As she was drinking, the drums reached a new climax and suddenly a second deity appeared, leaping into the clearing with a crown of seven red cobra heads, to which were attached two huge round earrings. A silver-appliqué chakra disc was stuck in the middle of his forehead, and round his waist was a wide grass farthingale, as if an Elizabethan couturier had somehow been marooned on a forgotten jungle island and been forced to reproduce the fashions of the Virgin Queen’s court from local materials. His wrists were encircled with bracelets of palm spines and exora flowers. It was only after a minute that I realised it was Hari Das. He was unrecognisable. His eyes were wide, charged and staring, and his whole personality seemed to have been transformed. The calm, slightly earnest and thoughtful man I knew from my previous meetings was now changed into a frenzied divine athlete. He made a series of spectacular leaps in the air as he circled the kavu, twirling and dancing, spraying the crowd with showers of rice offerings.
After several rounds in this manner, the tempo of the drums slowly lowered. As Chamundi took her seat on a throne at one side of the main entrance to the shrine, still twitching uneasily, the Vis
hnumurti theyyam approached the ranks of devotees, in a choreographed walk, part strut, part dance. All of the devotees and pilgrims had now respectfully risen from their seats or from the ground, and stood with heads bowed before the deity.
In one hand the Vishnumurti held a bow and a quiver of arrows; in the other a sword. These he used to bless the devotees, who bowed their heads as he approached. With the blade of the sword he touched the outstretched hands of some of the crowd. “All will be well!” he intoned in a deep voice in Malayalam. “All the darkness will go! The gods will look after you. They will protect you and be your friend! Do not worry! God is everywhere!” Between these encouraging phrases in the local dialect he muttered a series of Sanskrit mantras and incantations. The personality of the deity was quite distinct from that of Chamundi—as benign and reassuring as the latter was disturbing and potentially dangerous, even psychotic.
The deity now returned to the shrine, and taking a throne, looked on as the various priests and attendants prostrated themselves before him, each offering a drink of toddy. Like Chamundi, Vishnumurti drank the offering in a single gulp. This was the signal for the spiritual surgery to begin and the devotees to queue up and approach the deities for individual advice and blessing. Vishnumurti’s queue was noticeably longer than that of the goddess; only the brave—mostly elderly women—approached Chamundi.

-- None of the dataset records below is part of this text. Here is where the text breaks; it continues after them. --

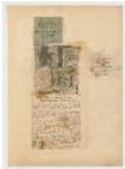
Dramatic Workshop and Studio Theatre Scrapbook II, Part 2 (NS030105_DW_0202)
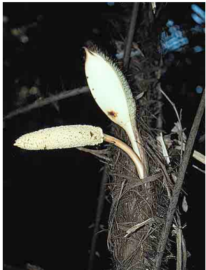
11 inzapara Bactris concinna
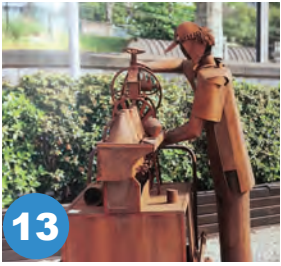
El vendedor de raspao The snow cone street vendor is an iconic character found in the landscape of Cartagena de Indias. First St. and Dean St.
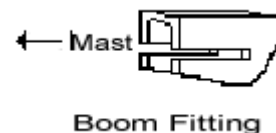
Fig. no. 3
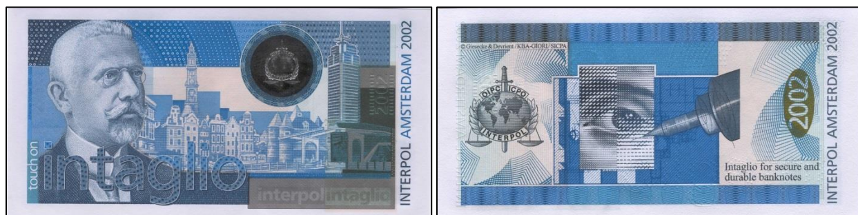
GD-181D, SiCP-241D, and GIOR-421D, no Units, Intaglio, dimensions unknown.

This test note was made specifically for the Interpol Amsterdam meeting in 2002. It was produced jointly by Giesecke & Devrient, SICPA, and Giori.
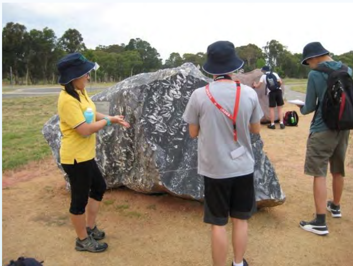
Abundant marine fossils in the Chinaman Creek Limestone from Queensland attract the EESO students.
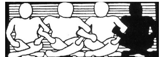
Graphic from cover of Shrink Resistant: The Struggle Against Psychiatry in Canada, Published 1988.

That is a lot of history for people who aren't supposed to have any! There is plenty more history like this if we look for it and preserve it. Plans are under way to create an archives exclusively devoted for just this purpose. Much of our history has too often been ignored or trivialized by mainstream historians. Our history is far too important to be left up to academic historians alone! It is essential that an alternative, psychiatric survivor operated archives be established to build on the past by preserving our rich history for the future.
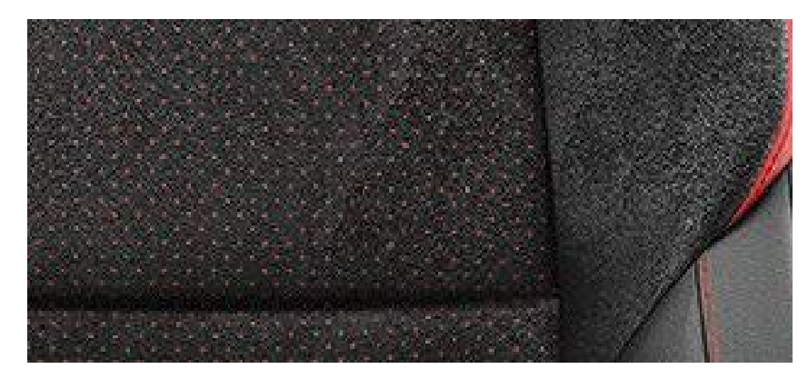
Black leather and synthetic suede (LG25) GR SPORT II
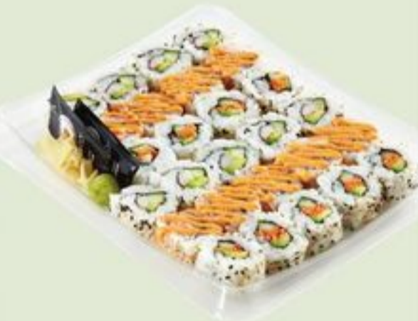
BENTO SUSHI FAMILY PACK SELECTED VARIETIES 545-675 G 20793972_EA
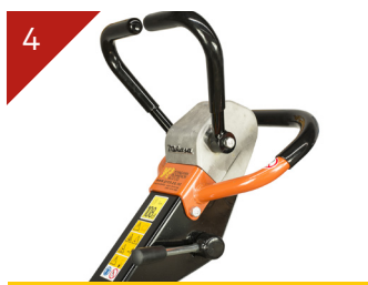
Variable Speed Controls
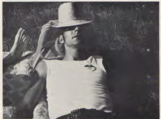
I'm OK...Get me another beer.
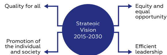
Figure 2: The four areas of the strategic vision 2015-2030 (OCP Policy Center, 2016)
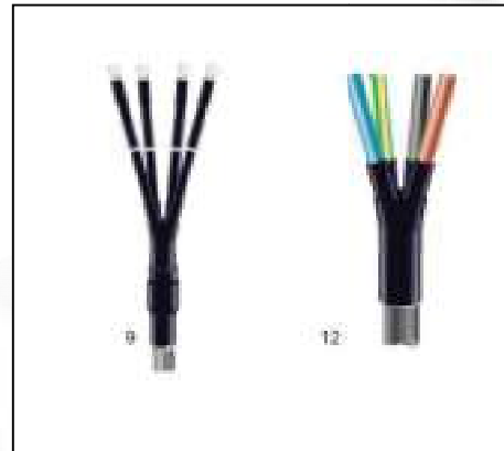
Low Voltage Termination
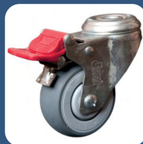
8. Hospital wheels
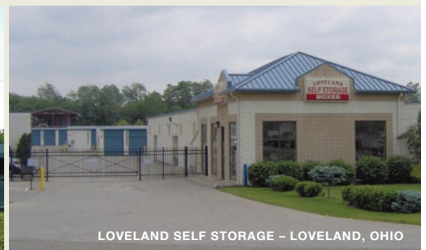
LOVELAND SELF STORAGE - LOVELAND, OHIO
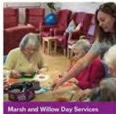
Marsh and Willow Day Services
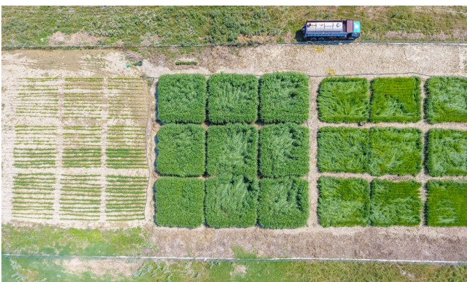
Figure 4.1: Aerial view of crop established in Prosilio site, Western Macedonia, Greece

The second year field trials began with the sowing of crops in early spring 2023. The following photos show the progress of crop establishment in June 2023 at some of the European sites.
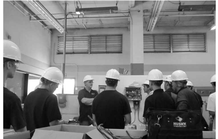
Students listen to instructor in the MVROP class provided by PetersenDean
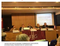
Formalizing the Informal Challenges and Opportunities of Informal Settlements in South-East Europe
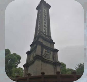
Xin Hai revolution martyrs
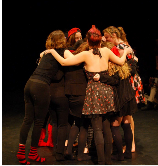
Actors huddle during the BTVM performance.

It was after this second production that a question arose: should TVM be done again next year? Following a successful production in February 2015, students were approaching the work with gratitude but also strong criticism. The Western, white savior narratives and biological essentialism of the script was grating intersectional feminists who expected more from a play that claims to empower and liberate, and the idea that saying "vagina" over 100 times in one night
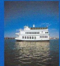
Cruise Around Charleston Harbor
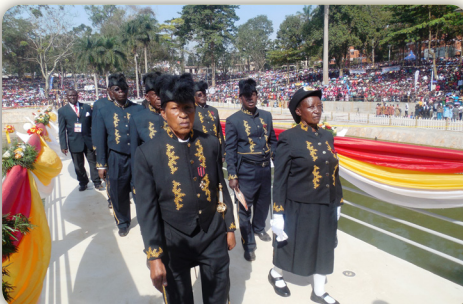
The smartly dressed Papal knights take part in the procession
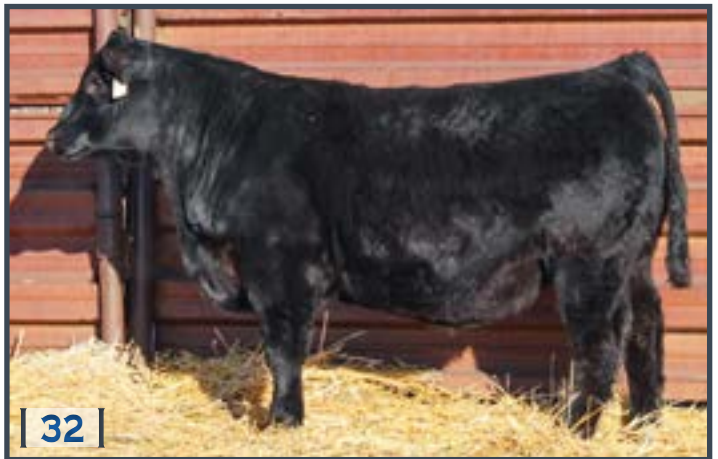
| 32 |
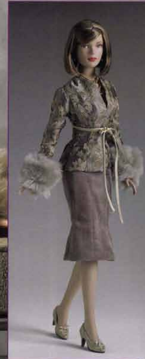
Business as Usual OUTFIT ONLY TS-TWOF-03 LE 1500
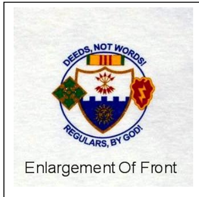
Enlargement Of Front
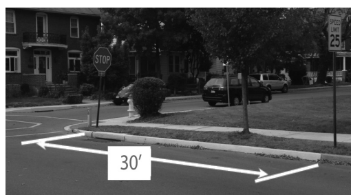
The curb is painted yellow to denote a distance of 30 feet, the statutory distance to restrict parking on the approach to a stop sign.

or improve safety for pedestrians or vehicles. These restrictions require signs. However, curb markings remain optional . If curb markings are used to convey parking regulations in areas where curbs are frequently obscured by snow and ice accumulation, signs must be used with the curb markings for non-statutory parking restrictions.
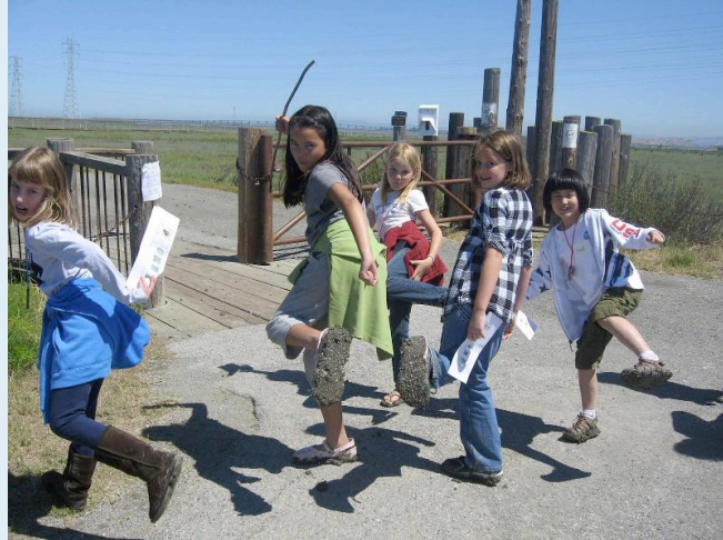
S.N.A.K.E. Campers showing off the Bay mud on their shoes after a hike in the Baylands.

To read more about each of the exciting themed weeks, click here .
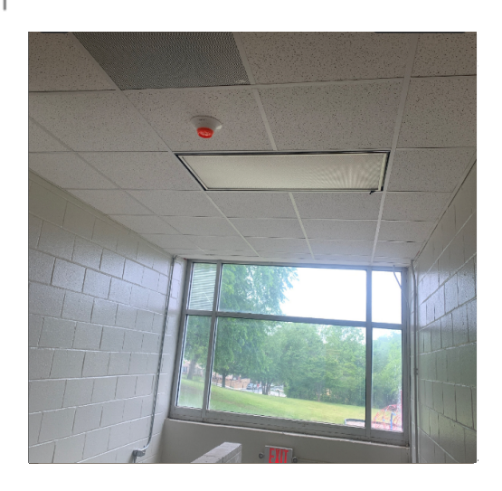
Install ceiling tile at stairwell on the 3rd and 2nd floor.
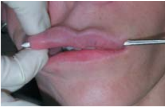
Figure 10D —The implant after it is passed through the tunnel.
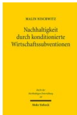
Nachhaltigkeit durch konditionierte
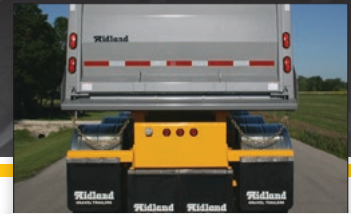
High Visibility Standard Lighting

Box 249 - 36 Main Street Rosenort, Manitoba Canada ROG 1W0 Phone: 1.800.827.7023 Web: www.midlandtrailers.com
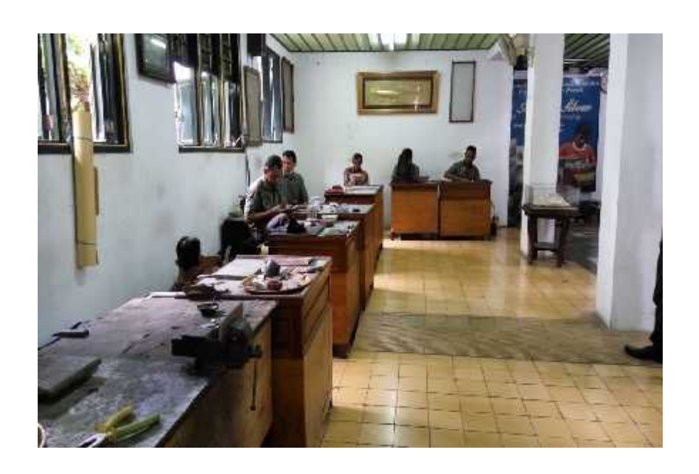
Figure 3. 54. Silver Craft Production Room

Most of the employees who in charge of making silver handicrafts are men, it is different from batik craft even though it has a high level of complexity, but for metal-based handicrafts it is still run by the majority of men. Basically there is no particular reason why men dominate, but it has become a hereditary tradition in this business, the producing process is mostly done by men, while women are more likely to work in the finishing section.
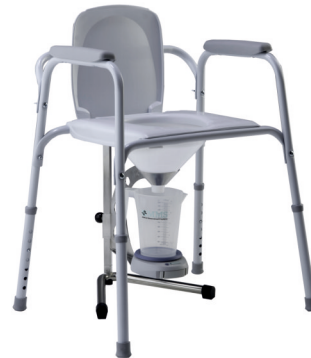
Flowsensor on a height adjustable flow stand under a micturition chair

Flowmaster is a computer based wireless flowmeter for quick, easy and convenient uroflowmetry.
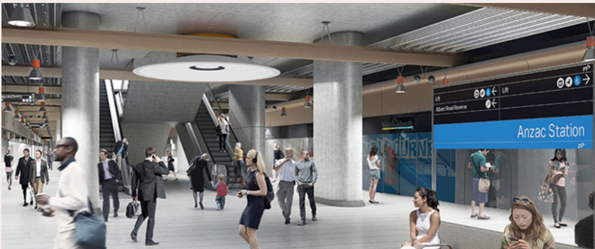
Concept image of Anzac Station.
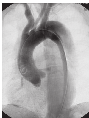
Figure 3: AD aortogram.

The aortogram reveals accurate diagnosis of aortic dissection in over 95% of patients and assists the surgeon in planning the repair. The benefits include visualization of the true and false lumens, intimal flap, aortic regurgitation, coronary arteries, arch vessels, and the extent of the dissection. The disadvantages include the need to transport the patient to radiology, the use of contrast dye in patients who may have renal insufficiency, and the invasiveness of the procedure. Although still considered by some as the diagnostic standard test, it is being replaced by newer imaging modalities [21] (Figure 3).
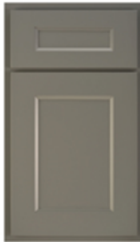
Arlington Grande Maple - Slate
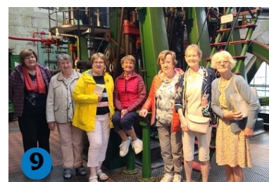
1. ICA members protesting for climate action. | 2. Members of the Dunshauglin Guild, Meath Federation, attended the Dunshaughlin Harvest Festival. | 3. Members of the Smithboro Guild, Monaghan Federation, celebrating the 42nd Anniversary of their Guild. | 4. Members of the Moyvane Guild, Kerry Federation, on their outing to East Cork. | 5. Members of the Killeshandra Guild, Cavan Federation, celebrating the 70th Anniversary of their Guild. | 6. Members of the new Guild in Millstreet, Cork Federation. | 7. Members of the Mainistir na Feile Guild, Limerick Federation, presenting a cheque for €2,287 to members of the Irish Red Cross. | 8. Members of the Castledermot Guild, Kildare Federation, visiting the Shankill Castle. | 9. Members of the Carraig na bhFear Guild, Cork Federation, celebrating the anniversary of women getting the vote.
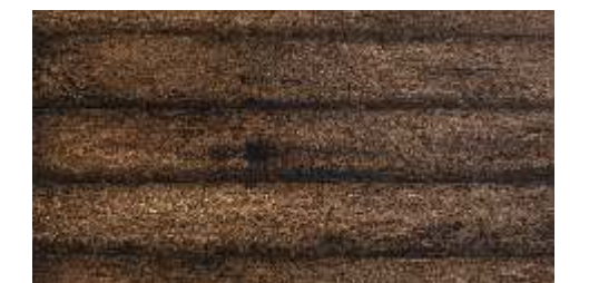
Ollie Wood (DD) Code: 3584
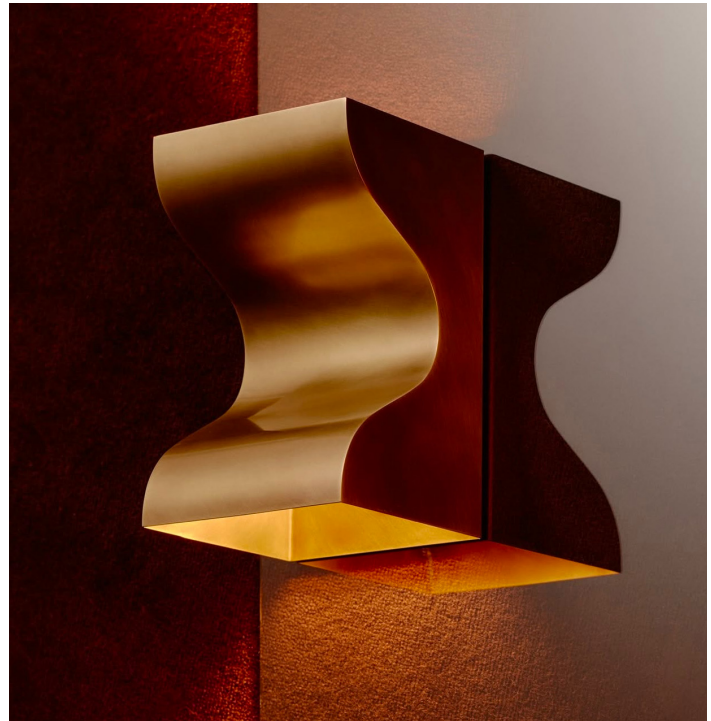
Buckle Sconce - Brass by Völker Haug Studio.
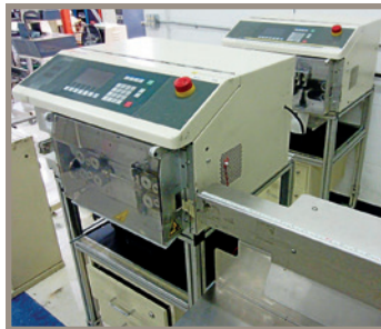
(2) SCHLEUNIGER PS9500 POWERSTRIP MACHINES
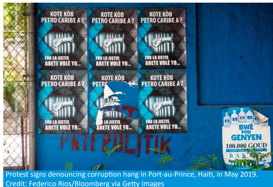
Protest signs denouncing corruption hang in Port-au-Prince, Haiti, in May 2019.

And after all the unrest, still no one has been held to account for the vast corruption. No money has been returned and no one has gone to jail. Understandably, the anger that triggered the protests remains. People deserve answers, and they deserve justice. They will continue to ask 'Kot kob Petrokaribe?'
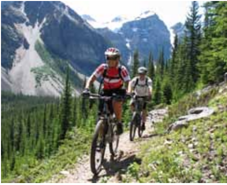
Mountain bikes are an increasingly popular means to travel in Alberta's backcountry.
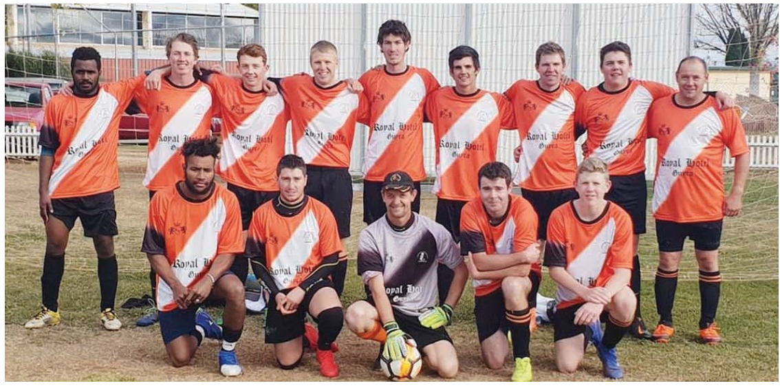
Caspers first grade will be hoping to secure on grand final spot this weekend

their heads and went to the break 1-0 down. They got their composure back at half time and were keen to keep up their attack and come away with the points.

One by one the petitions were presented. Old women asked for grandchildren, unemployed men for jobs, young women for husbands and farmers for good harvests. To each, Vishnumurti offered reassuring advice: “Your family will be showered with blessings,” he said to one woman. “The evil times are over. Peace and calm will return to your family home. You will be like Saraswati, illuminating the darkness.” “I will look after you,” he said to an old man, “and I will take care of your sons. Both your kids are going to be fine. Don’t take the path towards evil and you will always be able to lift your head in public! Never worry.” To a little boy: “Listen to your parents and you will do well in your exams and have a bright future.”